Mr. Ajami speaks movingly of meeting with Ayatollah Ali Sistani, portraying him as a great friend of democracy who has a “dread of anything radical.” Again, Ajami is equating “radical” with “al Qaeda.” He conveniently omits the fact that meeting with Sistani is easier for him because he (Ajami) is a Muslim. The Ayatollah frowns on contacts with non-Muslims (Juan Cole disputes the claim that Sistani will not meet with any non-Muslims, citing a meeting with a non-Muslim U.N. official). In fact, Sistani instructs Muslims to consider non-Muslims as in the same category “urine, feces, semen, dead bodies, blood, dogs, pigs, alcoholic liquors, and the sweat of an animal who persistently eats [unclean things]”; and for someone with a dread of anything radical, Sistani certainly had no difficulty teaching that homosexuals must be “punished, in fact, killed. The people involved should be killed in the worst, most severe way of killing.”

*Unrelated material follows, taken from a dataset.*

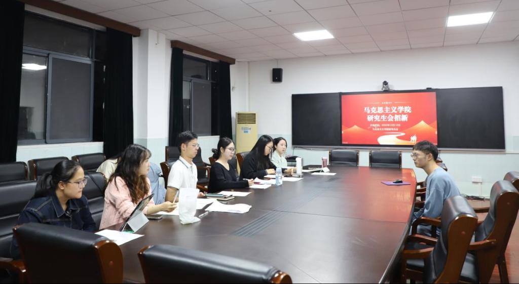 第十二届研究生会招新面试在学院四楼2号会议室、五楼507教室举行。学院党委副书记晏妮、辅导员冷自衍、研究生办公室许琰出席并担任评委,与第十一届研究生会主席团成员及各部门部长组成考评委员会进行面试。学院2023级马克思主义理论、2023级学科教学(思政)、2023级农村发展,3个专业共计48位同学参加此次招新面试。

I discuss a lot of this in my new book (The Grand Jihad), which comes out on May 25. For now, I just want to reaffirm that, as an admirer of the courage of moderate Muslims, it is my most fervent wish that they are successful in reforming Islam. We need to be honest, however, that they are trying to achieve reform precisely because there are problems with Islam as is. The most frustrating thing about “moderate Islam” is that no one seems to be able to say what it entails. The so called “radicals” tell us exactly what they believe and (accurately) cite chapter and verse in the scriptures. The moderates never persuasively refute the radicals — they just say the radicals are too “extreme.” This doesn’t come close to making the case that the radicals have Islam wrong. If your goal is to persuade other Muslims — and everyone seems to agree that only Islam can settle its internal divisions – that’s the case that has to be made.